Clinical trials can be fundamentally divided into (1) mechanistic trials, which are intended to explore and understand the mechanisms governing human biology, and (2) pragmatic trials, intended to inform healthcare decision makers.74 Because of the complexity of the types of questions in each of these categories, there is no single best approach to clinical trials. Instead, the principles of quality lead to efforts to optimize the value and efficiency of clinical trials by designing and operationalizing the trial based on the purpose of the trial.

ClincialTrials.gov has provided a new ability to examine the clinical trials enterprise because the vast majority of trials have a legal requirement for registration prior to enrollment and results reporting within 1 year of ascertainment of the last primary end point.50 Currently, >380 trials per week are registered, and initial analysis of the accumulating data reveals a large number of trials with major deficiencies that would make it unlikely that they are answering an important question. We now have the opportunity to treat the clinical trials enterprise as a learning ecosystem in which all previous trials can inform the planning and operationalization of the next trial.75

Several broad questions could be addressed:

What types of trial designs are best for answering different types of questions?

What are the characteristics of trials that answer the question asked by the trial or that fail to answer the question either because of design or conduct specifications?

Over time, what are the characteristics of trials that answer key clinical questions?
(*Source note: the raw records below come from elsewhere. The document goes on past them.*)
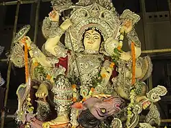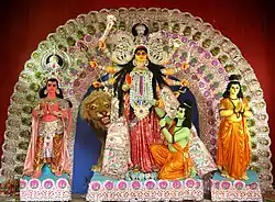 Durga Puja is a widely celebrated festival in the Indian states of West Bengal, Bihar, Jharkhand, Uttar Pradesh (eastern parts), Assam, and Odisha.[146] It is celebrated over a five-day period. Streets are decked up with festive lights, loudspeakers play festive songs as well as recitation of hymns and chants by priests, and pandals are erected by communities. The roads become overcrowded with revellers, devotees, and pandal-hoppers visiting the pandals on puja days. It often creates chaotic traffic conditions. Shops, eateries, and restaurants stay open all night; fairs are also set up and cultural programmes are held.[147] People form organizing committees, which plan and oversee the pandal during the festivities. Today, Durga Puja has turned into a consumerist social carnival, a major public spectacle and a major arts event riding on the wave of commercialisation, corporate sponsorship, and craze for award-winning. For private domestic pujas, families dedicate an area of their homes, known as thakur dalan, for Durga Puja where the sculpture-idols for worship is placed and decorated with home-dyed fabric, sola ornamentations, and gold and silver foil decorations. Elaborate rituals like arati are performed and prasad is distributed after being offered to the deities. As a tradition, married daughters visit their parents and celebrate the Durga Puja with them, a symbolism alluding to Durga who is popularly believed to return to her natal home during the puja.[148]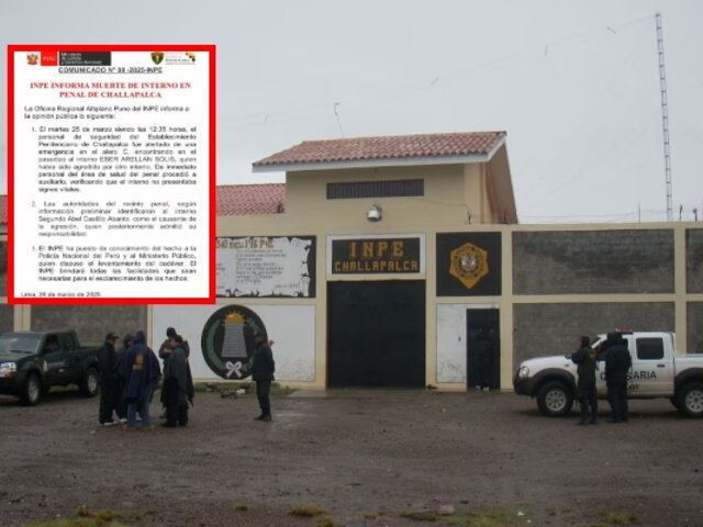 El Instituto Nacional Penitenciario (INPE) informó mediante un comunicado sobre la muerte de un recluso en el penal de Challapalca, ocurrida la tarde del 25 de marzo. El interno, identificado como Eber Arellan Solis, habría fallecido tras ser agredido por otro recluso.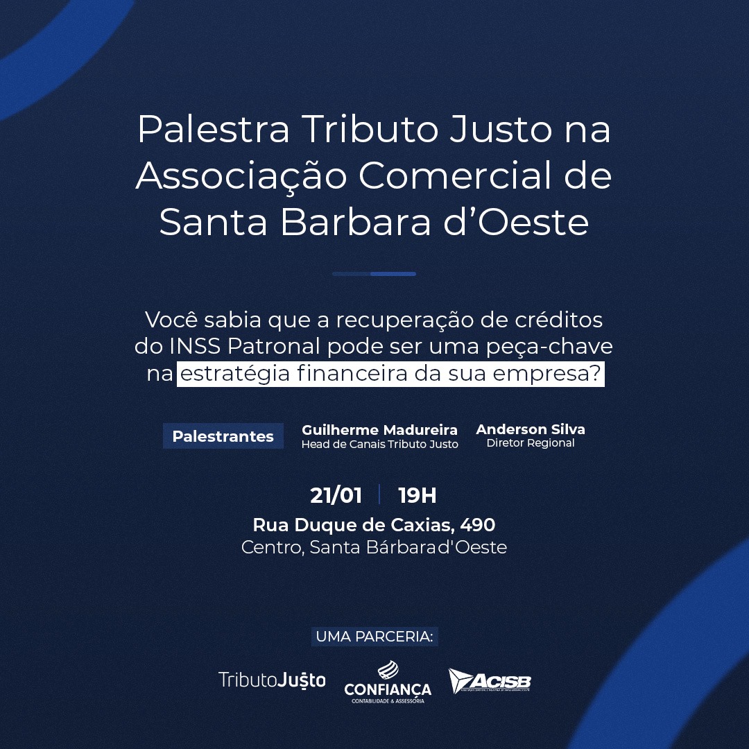 Você sabia que a recuperação de créditos do INSS Patronal pode ser uma peça-chave na estratégia financeira da sua empresa? Pensando nisso, a ACISB (Associação Comercial e Industrial de Santa Bárbara d’Oeste), em parceria com a Tributo Justo e a Confiança Contabilidade e Assessoria, realiza no dia 21 de janeiro, às 19h, palestra que visa orientar empresários sobre como reaver valores pagos a mais à União.
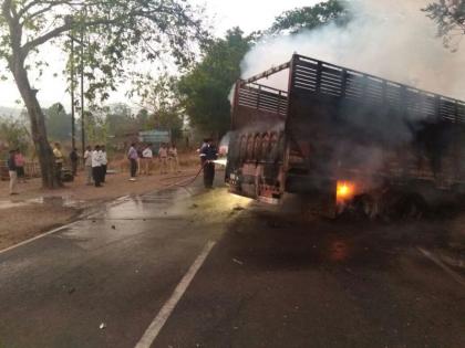 मुंबई - मुंबई-गोवा महामार्गावर लोणेरे येथे भीषण दुर्घटना घडली आहे. लोणेरे येथे दोन ट्रकची समोरासमोर धडक होऊन भीषण अपघात घडला आहे. धडक झाल्यानंतर या दोन्ही ट्रकनी पेट घेतला. या अपघातात 5 जणांचा मृत्यू झाल्याचे वृत्त समोर आले आहे. दरम्यान, मागील बाजूनं येणा-या बाईकस्वाराचाही या अपघातात जागीच मृत्यू झाला आहे.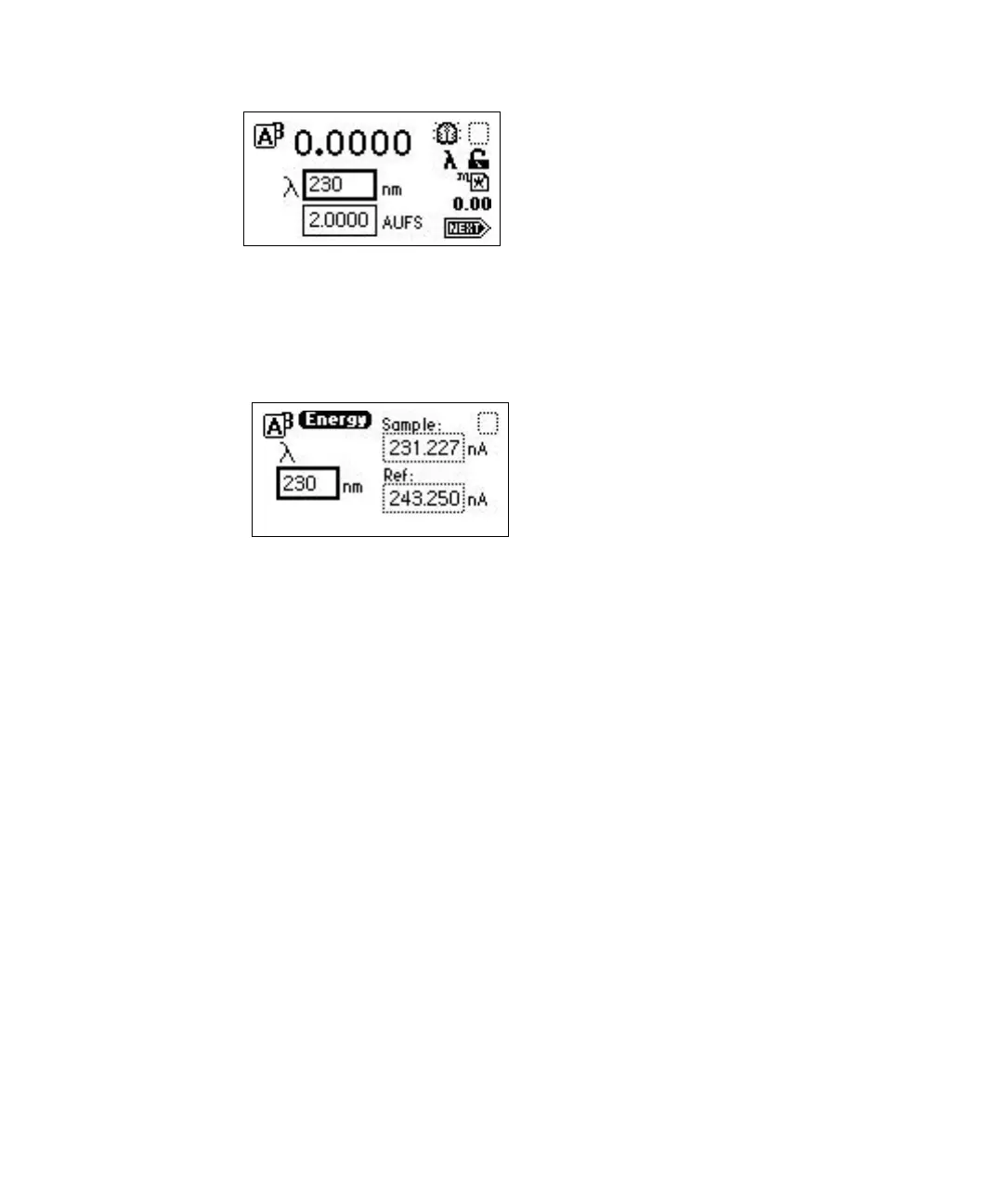1. On the absorbance screen, use the arrow keys to highlight the λ field.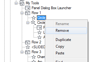 - Right-click the command or control that you want to remove. Click Remove.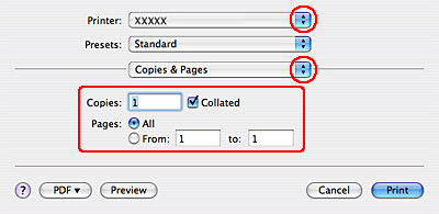 A Printer (Nyomtató) beállításnál jelölje ki a kívánt nyomtatót, majd adja meg a Copies & Pages (Példányszám és oldalak) beállításokat.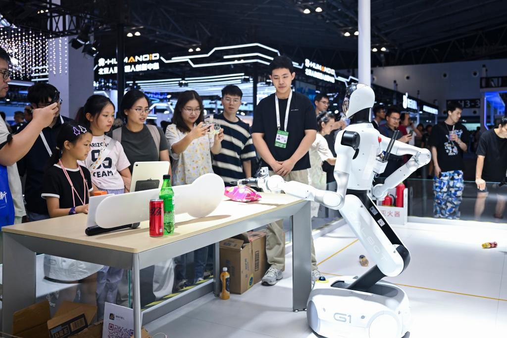 7月29日,上海2025世界人工智能大會,參觀者在觀賞一款可用于零售、工業等多種場景的機器人。新華社記者 陳浩明 攝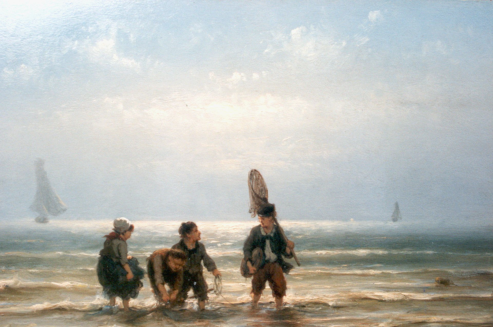 Jan H.B. Koekkoek kunstwerk • schilderij • voorheen te koop Visserskinderen in de branding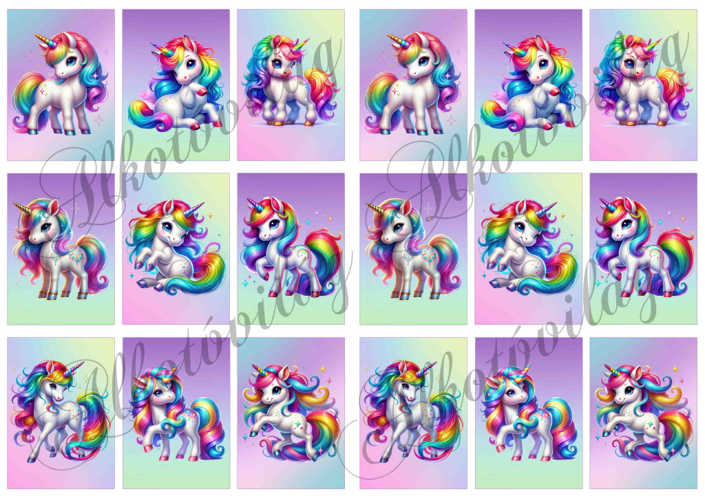 Színes unikornisok 4,5 x 6,5 cm - HŰTŐMÁGNES, AJÁNDÉKKÍSÉGŐ készítéshez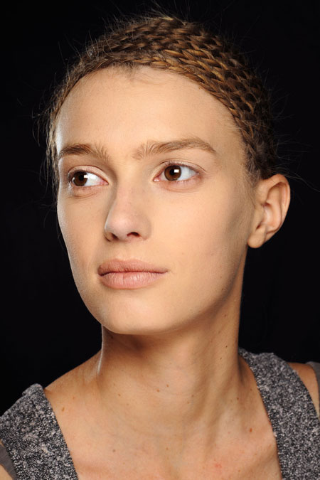 亚历山大 麦昆 (Alexander McQueen) 2012春夏女装秀场妆容淡雅简单,仿若未经雕琢过的素颜肌肤,彩妆师Peter Philips打造出质感细腻的哑光肌肤和粉金色唇妆。发型方面,创意顾问Guido Palau挑战了高难度螺旋式多层麻花辫造型。模特们的秀发由上至下被分成若干区域,逐一编成麻花辫,沿着头部轮廓成螺旋形环绕,然后被包裹在由Guido Palau设计的34款黑色、白色、金色等不同色彩的蕾丝头饰之下,与Alexander McQueen女装中的不同服装搭配,精致的花纹和奇特的造型吸引了全场的注意力
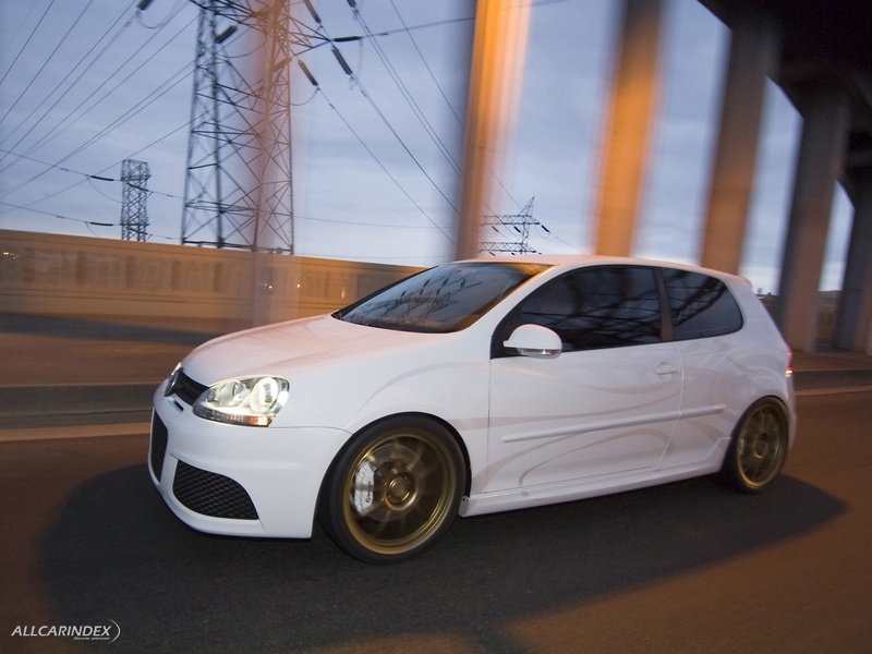 Thunder Bunny’s gleaming candy white exterior is made distinctive by several design studio touches. The concept’s body kit includes a larger central grille and a more muscular rear valance framing a twin R32-style exhaust from Neuspeed. Like the R GTI, Thunder Bunny’s paint was overlaid with graphics Jenkins calls “topographical” in pearl silver. They were meant to evoke the contours of the car’s geography or waves of air that flow over the surfaces. However they are interpreted, the pearl silver graphics make a unique visual statement as they appear to blink on and off in the changing angles of the sun.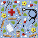 Design de caneta com temas médicos exclusivos que inclui suprimentos de saúde em um fundo azul. Para personalizar o texto de edição para adicionar o nome do médico.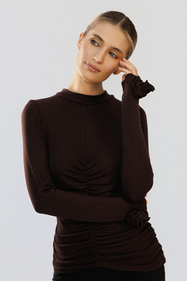 Bluzka Porto to model z długim rękawem,ozdobionym ręcznie wykonanym kwiatem.
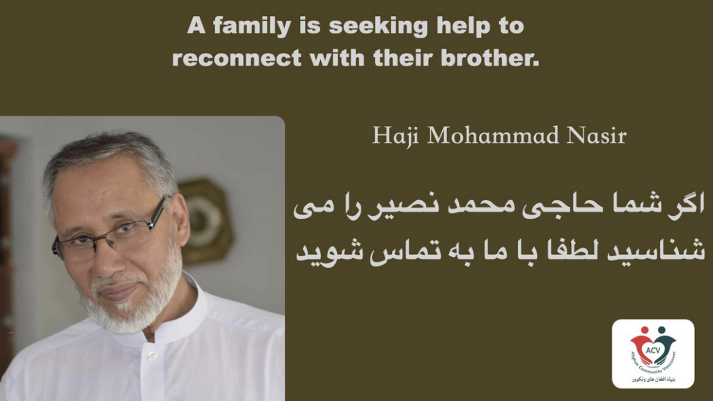 اطلاعیه مهم کمیونیتی افغانهایی ونکوور یک خانواده از افغانستان در جستجوی برادر شان به نام حاجی محمد نصیر میباشد که گفته میشود درسه دهه گذشته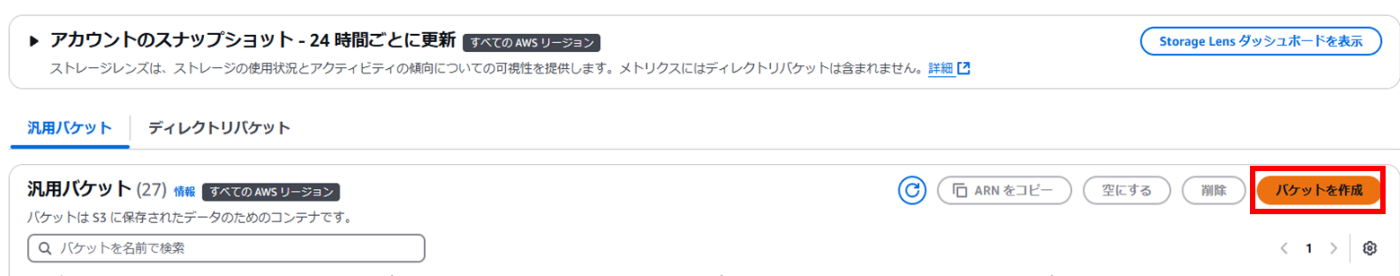 - S3コンソール内[汎用バケット]タブから[バケットを作成]を選択する。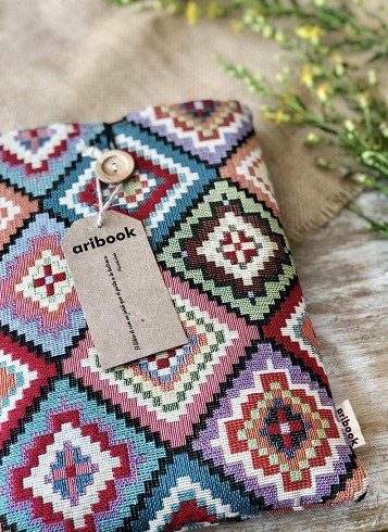Funda de libro hecha a mano por Aribook. Tela de algodón, acolchada con foam para una máxima protección, cierre elástico con botón y forro interior.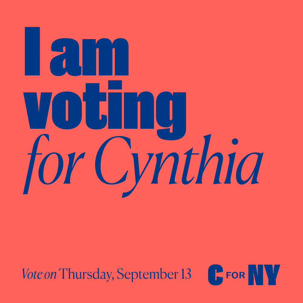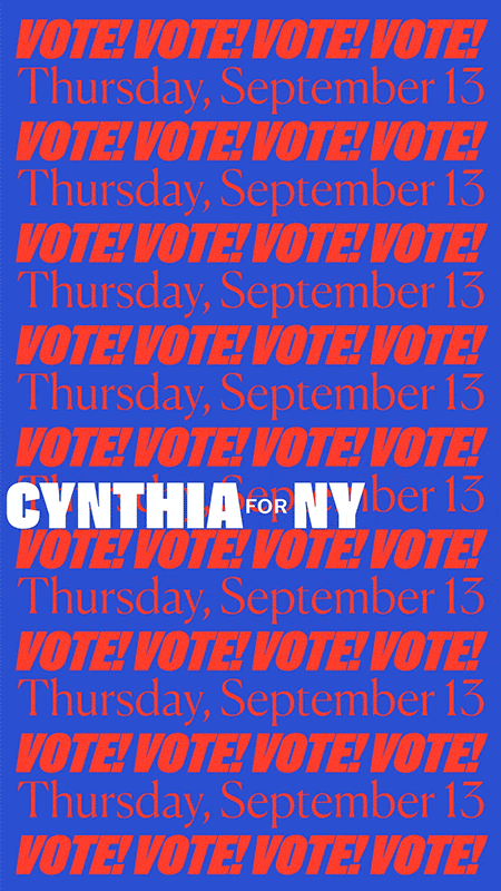 The visual identity reflects her unique voice, at times stepping outside the conventions of past politicians. Simple visuals leverage the messaging through purity of typography: Cynthia for New York is about ideas and the core principles of progressive change.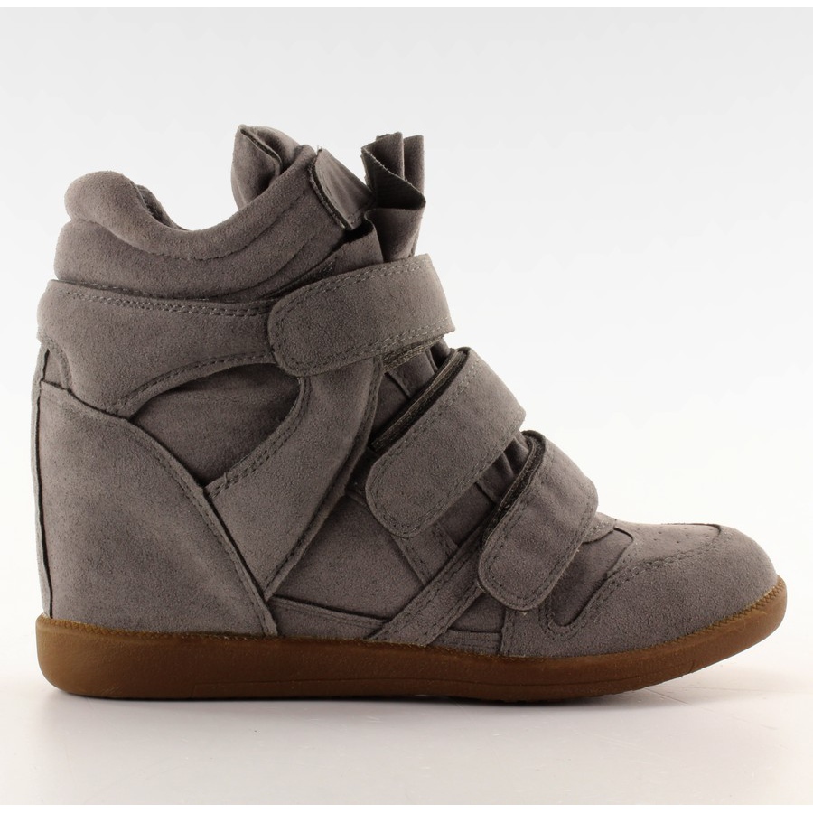 Wildleder-Sneaker mit Kissen 6039 D. Grau – graue, stylische und bequeme Sneakers mit verstecktem Keilabsatz (8 cm). Aus ökologischem Wildleder gefertigt, mit breiten Klettverschlüssen befestigt, mit dicker Zunge und weichem Polster, das ihren Charakter unterstreicht und den Tragekomfort verbessert. Perfekt für alle, die einen urbanen Look mit zusätzlicher Höhe bei gleichzeitigem Komfort suchen.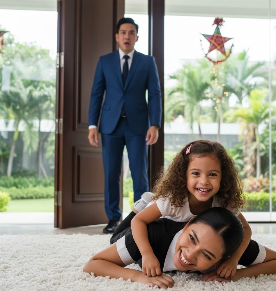 Felicia stayed kneeling, watching this silent child. Then she heard footsteps in the hall, heavy, fast. The door swung open. A man stood there, tall, dark suit, Bluetooth in his ear. He looked at Felicia like she was furniture.
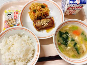 ごはん 生揚げの肉巻き 切り干し大根の煮物 豆乳入り味噌汁 福豆 牛乳
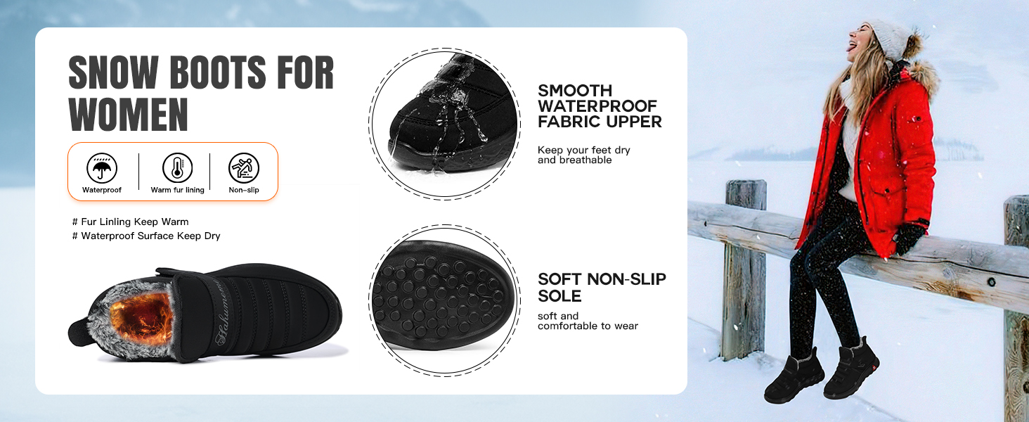 أحذية مقاومة للماء للنساء: أحذية نسائية مقاومة للماء، نعل مقاوم للماء ومقاوم للانزلاق يضمن الثبات والأمان، حتى على الأسطح الزلقة. أحذية ثلج مسطحة، أحذية ثلج شتوية للنساء، أحذية شتوية لطيفة للنساء، حذاء شتوي نسائي، أحذية ثلج واسعة العرض للنساء، أحذية شتوية من الفرو فروي للنساء

More specific questions could also be addressed:

What entry criteria for particular diseases or issues lead to the best recruitment?

What biomarkers and putative surrogates actually work in the clinical trials setting?

What are the clinical outcomes and natural history of particular disease states, and what event rates can be expected for given entry criteria?

What operational approaches lead to the most efficient trial conduct?

What types of data collection and which data items are most useful for different types of trials in different circumstances?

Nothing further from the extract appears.